Rencontré en 2002, au creux d’un univers sombre et mystérieux sous les traits opiacés de Laudanum et au travers de trois albums crépusculaires entre Electro et déclinaisons Wave (dont “System : On”, inclassable oeuvre d’une noirceur éclatante), on le perd ensuite de vue, malgré une activité jamais prise en défaut (notamment au sein de Ex Ex et sous son propre nom). Et aujourd’hui, Matthieu Malon nous revient à la face, tel un boomerang ivre.
Rapproché à juste titre de Daniel Darc, à qui il rendait un vibrant hommage au soir de sa disparition en publiant “28.02.2013”, il signait en mai dernier un retour remarqué aux affaires.
Ainsi, “Peut-être un jour” retraçait les points de suspension au dessus du vide laissé par “Froids”, son premier album paru sans l’artifice d’un pseudonyme au crépuscule du siècle passé, et ce malgré l’existence cachée du très beau “Les Jours Sont Comptés”, un disque oublié car jamais gravé.
Aujourd’hui sort donc cet Ep, “Une Deuxième Chance”.
Dont le titre éloquent tend les bras vers le ciel et nous invite à l’embrasser.
Une franche accolade au départ qui se transforme vite en virile et tendre empoignade.
“Je Veux Du Fric”, en effet, est une entrée en matière plutôt enjouée et un parfait contre-pied à l’univers de Laudanum.
Une déstabilisante incursion dans un registre sympathique sans être racoleur.
Mais bientôt l’étreinte se resserre à l’écoute de “L’Air De Rien”. A cause des sonorités saturées et des nappes synthétiques qui font valser les illusions.

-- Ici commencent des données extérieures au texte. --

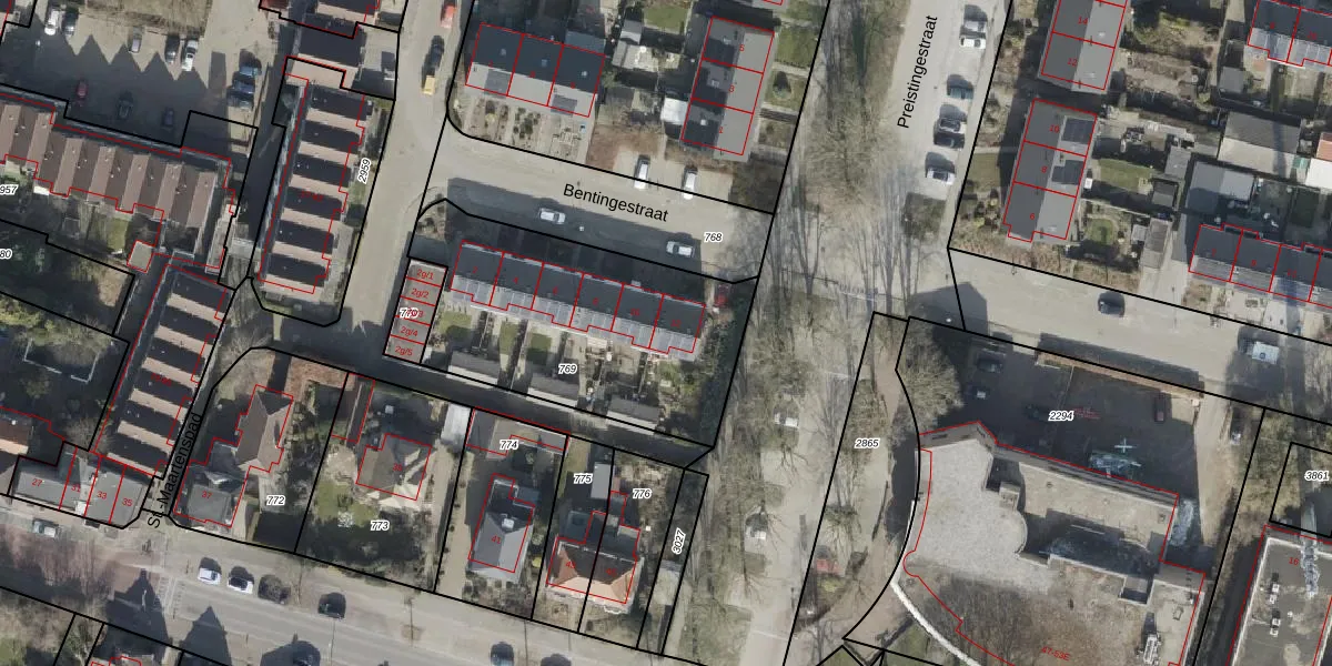Het perceel waarop Bentingestraat 12 staat heeft een oppervlakte van 1140 m². Dit is een zeer groot perceel. De perceeloppervlakte wordt geregistreerd door het Kadaster. Gedetailleerde informatie over de maten van dit perceel kunt u vinden in het rapport Kadastrale kaart met maatvoering van Bentingestraat 12.

Une électricité grésillante qui sert d’écrin à la voix de Matthieu Malon, celle-ci s’y logeant avec une élégante distance, susurrant les mots plus que les chantant.
“Loin” s’éclaire de choeurs féminins et de clappement de mains sans se départir d’une certaine urgence et “Une Deuxième Chance” retrace ce lien ténu entre cinéma et prose Rock par le biais d’un dialogue teinté de Diabologum.
Une version revisitée de “28.02.2013” souligne l’évidente influence de l’ex-Taxi Girl, mais sans révérence pompeuse et puis il y a cet extrait Live.
Caractérisé par sa trame opaque, “La Fin De mes Nuits” s’autorise une version lézardée d’éclairs électriques. Comme une nuit d’encre striée de flashes, offrant des images stroboscopiques à des paupières closes.
Une adaptation magistrale, tout en retenue, d’où s’échappe un flux résonnant et obsédant.
À l’instar de Matthieu Malon lui-même, “Seconde Chance” affiche donc sa dualité assumée, son envie irrépressible de défricher le paysage sonore et de s’aventurer sur des pentes escarpées comme sur des chemins d’apparence plus linéaires.
Une seconde chance qu’on aimerait voir ne pas filer.